The Danish Civil Registration System was established in 1968. The data have been updated daily since 1989 and are widely accepted as accurate.26,27,28 For this study we included sex at birth, age, immigration status (yes or no), generation of citizenship, family suicidal behavior (parent or spouse), and marital status.26,27
The Income Statistics Register began in 1970 and contains variables related to income (eg, salary, private pension contributions).29 The Population Education Register contains information on educational level attained for 96.4% of the Danish population.30 The Integrated Database for Labor Market Research contains information about employment beginning in 1980.31
The Danish Psychiatric Central Research Register records all psychiatric inpatient, outpatient, and emergency department treatment data since 1995, including treatment dates and primary and secondary diagnoses.32 We evaluated psychiatric disorders according to 2-digit ICD-10 codes (eg, code F20 was used to capture schizophrenia and its subtypes; code F25 was used to capture schizoaffective disorder). Diagnoses in this registry are documented as high quality.32,33
The Danish National Patient Registry includes treatment date and primary and secondary diagnostic codes, contact type (inpatient, outpatient, emergency), surgical procedure, and selected examination codes.20,34 Diagnoses from this registry were included as second-level ICD-10 groupings (eg, codes C15-C26 included as 1 variable: malignant neoplasms of digestive organs). Surgery procedure codes were included according to body system (eg, nervous system surgeries). Two validation studies have found high correlations between the data contained in the registry and medical records.20,35
The Danish National Prescription Registry has cataloged data on all prescription drugs sold in Danish pharmacies since 1994.4 The registry includes dispensing date, product name, and Anatomical Therapeutic Classification code. Data for this study were coded according to level 3 Anatomical Therapeutic Classification codes (eTable in the Supplement). Data in the registry are considered complete and valid from 1995.36
The Danish Cause of Death Registry includes age at death and manner of death (eg, natural, suicide), place of death, and autopsy results. Suicide cases were identified via this registry via ICD-10 codes of X60 to X84.37 In a validation study, 90% of the deaths registered as suicides were confirmed by experts.38
Statistical Analysis
Some predictors (eg, natal sex) could be used in their registry-based form, while others (eg, diagnoses, medications) were dummy-coded to create time-varying predictors (ie, intervals of 0-6, 0-12, 0-24, and 0-48 months before the first day of the suicide month). To estimate the prevalence of each predictor in the person-time that gave rise to cases, we randomly selected a date for each member of the subcohort and evaluated the prevalence of predictors at the above time intervals in relation to that date.
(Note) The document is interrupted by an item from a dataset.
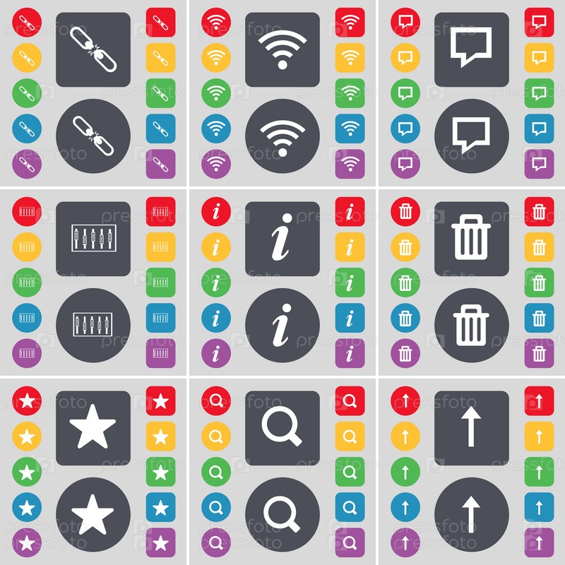 Связь, Wi-Fi, чат пузырь, эквалайзер, информация, мусор может звезды, увеличитель, стрелка вверх значок символа. большой набор плоских цветных кнопок для вашего дизайна. вектор

Predictors from all time points were evaluated simultaneously.
The data reduction process included elimination of rare predictors (≤10 observations13,39) and predictors with negligible associations with suicide (unadjusted odds ratio of <0.9 or ≥1.1). We eliminated diagnoses occurring in the emergency department owing to low positive predictive value.40,41 The initial analytic data set contained 2564 predictor variables. Following data reduction, the final number of included predictors was 1339. The eTable in the Supplement provides considered and retained predictors.
Given our dual interests in identifying novel predictor/interactions and developing algorithms that may accurately predict suicide, we used recursive partitioning machine learning methods that automatize detection of associations between predictors and outcomes and interactions among predictors and provide metrics of predictor importance.42
First, we estimated classification tree (CART) models as an initial evaluation of the data structure.43,44 Classification tree modeling is a nonparametric method that builds a decision tree based on predictors and their combinations that result in the highest probability of differentiating cases from noncases. Classification tree modeling was implemented using the R package, version 3.5.2 rpart (R Foundation), which uses a 10-fold cross-validation procedure.45 To mitigate risk of model overfit and increase visual interpretability, maximum tree depth and minimum number of observations in any node (terminal or parent) were set to 10. Given the class imbalance (sample suicide rate, 5%), CART modeling was implemented using equal priors rather than the rpart default of priors proportional to the outcome frequency.42,46 Risk of suicide was computed for each identified combination of predictors.
Second, we implemented random forest, which is less likely to produce an overfit model than CART modeling because random forest uses bootstrap aggregation, using the R package randomForest.47 Each forest was built with 1000 trees with a minimum of 10 observations needed to attempt a split and 37 variables sampled as split candidates at each node (ie, square root of total number of predictors; randomForest default). Given the class imbalance, each tree was built using all observations of suicide plus a random equally sized number of subcohort observations using the sampsize tuning parameter.48,49 Split-sample cross-validation was used to generate individual-level random forests–predicted values (the analytic server would not permit 10-fold cross-validation of 1000 trees). We used mean decrease in accuracy to evaluate each variable in terms of main effects and interactions across all trees.42
Prediction accuracy was evaluated using receiver operating characteristic curve analysis conducted in 1000 bootstrap replicates to estimate area under the curve (AUC) and its 95% CI.50 Additional operating characteristics were evaluated using high-risk subgroups and thresholds of predicted risk (eg, based on CART terminal nodes; random forests–predicted values). Sensitivity was prioritized in accordance with the goal of identifying suicide cases. Analyses were conducted separately for men and women in SAS, version 9.4 (SAS Institute Inc) and R, version 3.5.2.51,52
Results
Of the 14 103 persons who were suicide cases, 10 152 were men (72.0%), with 130 591 men (49.2%) in the corresponding comparison cohort. The suicide cases included 3951 women (28.0%), with 134 592 women (50.8%) in the corresponding comparison cohort. Persons who died by suicide were slightly older than subcohort members (mean [SD] for men: 43.5 [19] years vs 37.4 [21.8] years; women: 47.6 [18.8] vs 39.9 [23.4] years), more frequently divorced (men: 1225 [12.1%] vs 8228 [6.3%]; women: 682 [17.3%] vs 10 266 [7.6%]), and in the second-income quartile (men: 2516 [24.8%] vs 19 980 [15.3%]; women: 1364 [34.5%] vs 34 114 [25.3%]) (Table).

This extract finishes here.